Using the bash script from my previous post I can generate a list of all movie titles on tehconnection.eu and store them as lines in a text file called tehconnection.eu. I wanted this to sift through a giant list of movies I had on an old external hard drive. This ruby script (save in sort_by_tehconnection.rb) to check my directories list of movies against the list from tehconnection and move the files that exist in that list into a separate directory (which I'll then double check and delete).
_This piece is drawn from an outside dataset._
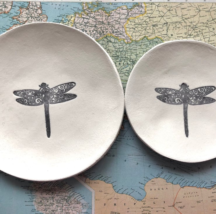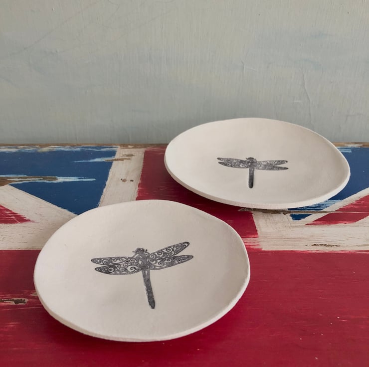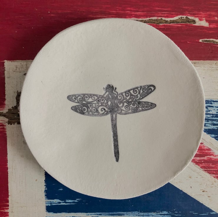 Beautiful handmade unique decorative mini dish, using a hand stamped dragonfly for a simple finish. Ideal to add to the Lucky Penny collection, to put next to your bed to use as a ring holder, to add a rustic feel to your home or to give to friends as a special gift. It can also be personalised for you too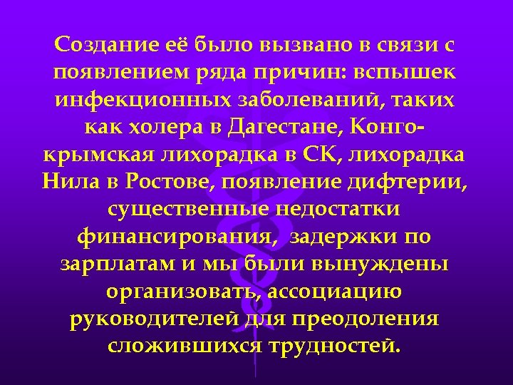 Создание её было вызвано в связи с появлением ряда причин: вспышек инфекционных заболеваний, таких как холера в Дагестане, Конгокрымская лихорадка в СК, лихорадка Нила в Ростове, появление дифтерии, существенные недостатки финансирования, задержки по зарплатам и мы были вынуждены организовать, ассоциацию руководителей для преодоления сложившихся трудностей.

Using the bash script from my previous post I can generate a list of all movie titles on tehconnection.eu and store them as lines in a text file called tehconnection.eu. I wanted this to sift through a giant list of movies I had on an old external hard drive. This ruby script (save in sort_by_tehconnection.rb) to check my directories list of movies against the list from tehconnection and move the files that exist in that list into a separate directory (which I'll then double check and delete).

#!/opt/local/bin/ruby

require "levenshtein_distance.rb"
require 'fileutils'

look_dir='/Volumes/Senorita/DOCUMENTARIES/Feature Documentaries/'
found_dir='/Volumes/Senorita/DOCUMENTARIES/Feature Documentaries/tehconnection/'

#files_array=File.readlines('files.txt');
files_array=Dir.entries(look_dir).reject{|entry| entry == "." || entry == ".." || entry == ".DS_Store"};
teh_array=File.readlines('tehconnection.txt').collect {|l| l.gsub(/[.!?:';"]/,"").downcase.sub(/^the /,"").chomp};
teh_array = teh_array.inject([]) do |res,e|
  if e =~/([^\(]*) \(aka ([^\)]*)\)/
    res.concat([$1,$2]);
  else
    res.concat([e]);
  end
end
teh_map = [];
teh_array.each do |e| 
  i = e.length-1;
  if teh_map[i].nil?
    teh_map[i] = [];
  end
  teh_map[i] << e
end
acceptable_dist=2
min_dist=10000
min_teh=""
files_array.each do |orig_title|
  title=orig_title.sub(/ *\([^\(]*\)/,"")
  title.downcase!
  title.sub!(/\.[^\.]*$/,"")
  title.sub!(/^the /,"")
  title.gsub!("\"","")
  title.sub!(/^marx brothers - /,"")
  len = title.length;
  max_len = [len+acceptable_dist,teh_map.length-1].min;
  min_len = [len-acceptable_dist,0].max;
  puts "#{title}..."
  (min_len..max_len).each do |l|
    l_array = teh_map[l];
    found = false;
    if not l_array.nil?
      l_array.each do |teh_title|
        dist=levenshtein_distance(title,teh_title)
        if dist<acceptable_dist
          # found
          puts "  FOUND (#{orig_title}): #{teh_title} --> #{title}, #{dist}"
          FileUtils.mv(look_dir+"/"+orig_title,found_dir+"/"+orig_title);
          found = true;
          break;
        end
      end
    end
    if found
      break;
    end
  end
end